MMR: Does your focus change as market conditions change?

Brett: I have been a direct principal investor since 2004 and in 2010 I launched Star Mountain. We developed a comprehensive business plan on how to address the opportunities in this market, which is around half of the total U.S. economy. Generally there aren’t large competitors in this space. The banks do not serve this part of the market well. It’s fragmented and labor intensive. We believe opportunities will continue to be driven from the thematic supply / demand characteristics including the retiring baby boomer population and increasing valuations from successful mergers as companies grow in size.

MMR: What’s new at your firm?

Brett: We continue to invest heavily in technology to help better originate, underwrite, and add value to our portfolio companies. A few portfolio company values we bring include helping find, analyze, and integrate acquisitions; helping grow sales including opening relationship doors – where we also leverage the job creation positive goodwill angle from our business and helping further professionalize businesses to help optimize long-term value, including building and managing boards.

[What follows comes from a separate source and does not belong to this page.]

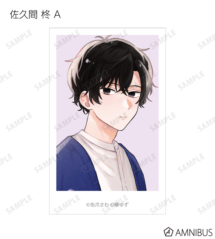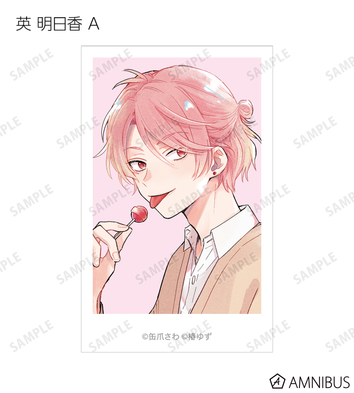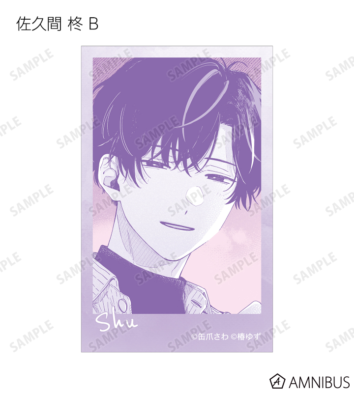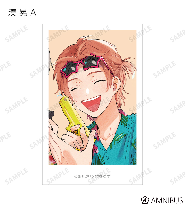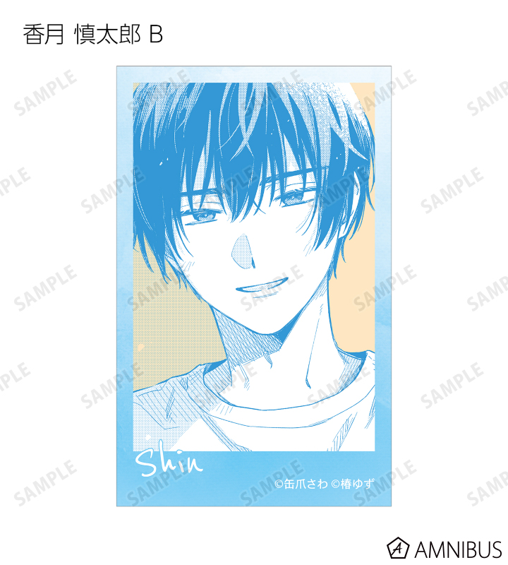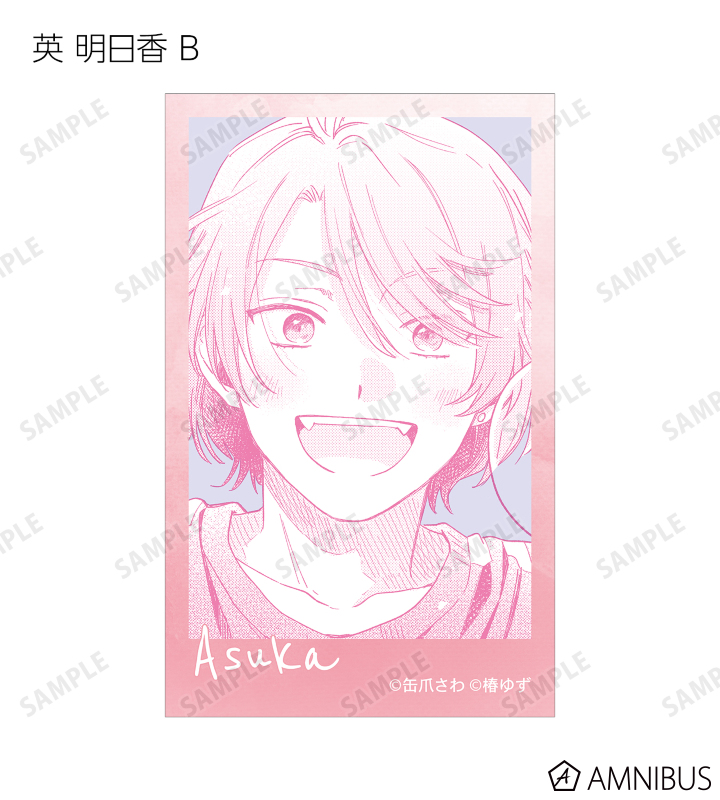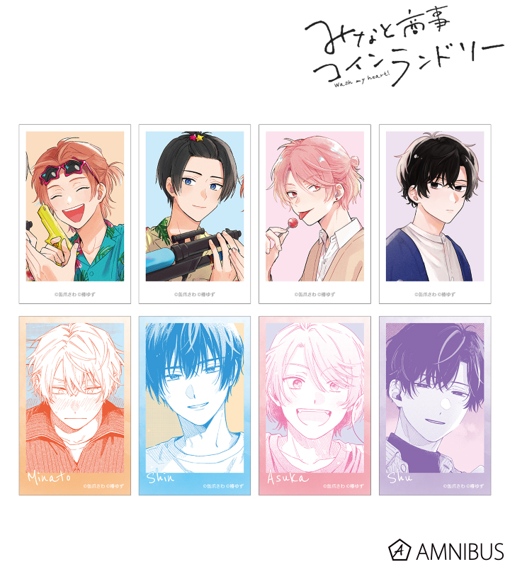 湊 晃、香月 慎太郎、英 明日香、佐久間 柊のカラーイラスト、原作コマをインスタントカメラ風のイラストカードに仕上げました。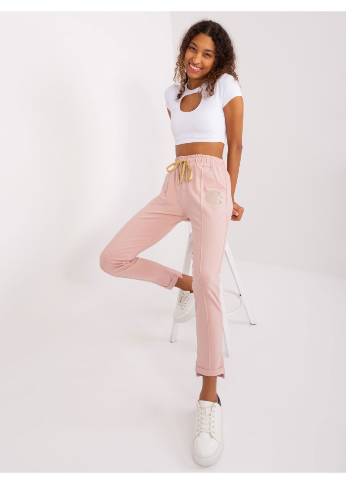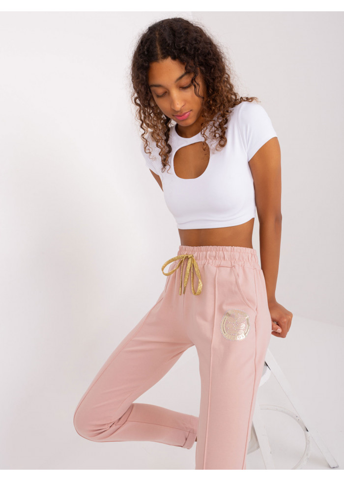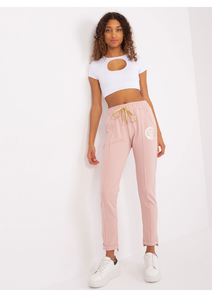Dámske tepláky, ozdobná široká guma so šnúrkou, 2 vrecká, ozdobné prešívanie, ozdobná potlač, asymetrický strih na spodku nohavíc, modelka má na sebe veľkosť s, miery modelky: výška: 173 cm, prsia: 85 cm, pás: 62 cm, boky: 95 cm, rozmer produktu meraného na plocho, vo veľkosti s:, šírka nohavíc v páse: 34 cm, výška sedu: 29 cm, celková dĺžka: 95 cm.

Some of our value doesn’t show immediately, but as we have had close to 100 realizations across our platform and we look at our current portfolio characteristics relative to the market, we feel very good about our long-term focused investments in team, product, and technology.

MMR: What’s on the horizon for the industry?

We believe that all markets will continue to get more efficient; however, given the labor intensity and specialization required at our end of the market, it will be slower to evolve and continue to provide a return premium relative to the larger markets.

While the U.S. economy looks quite healthy right now, we try remind ourselves that there isn’t often a clear warning of a market downturn. We believe the next one will come so we continue to operate accordingly, with our defensive lens on in preparation for the potential challenges.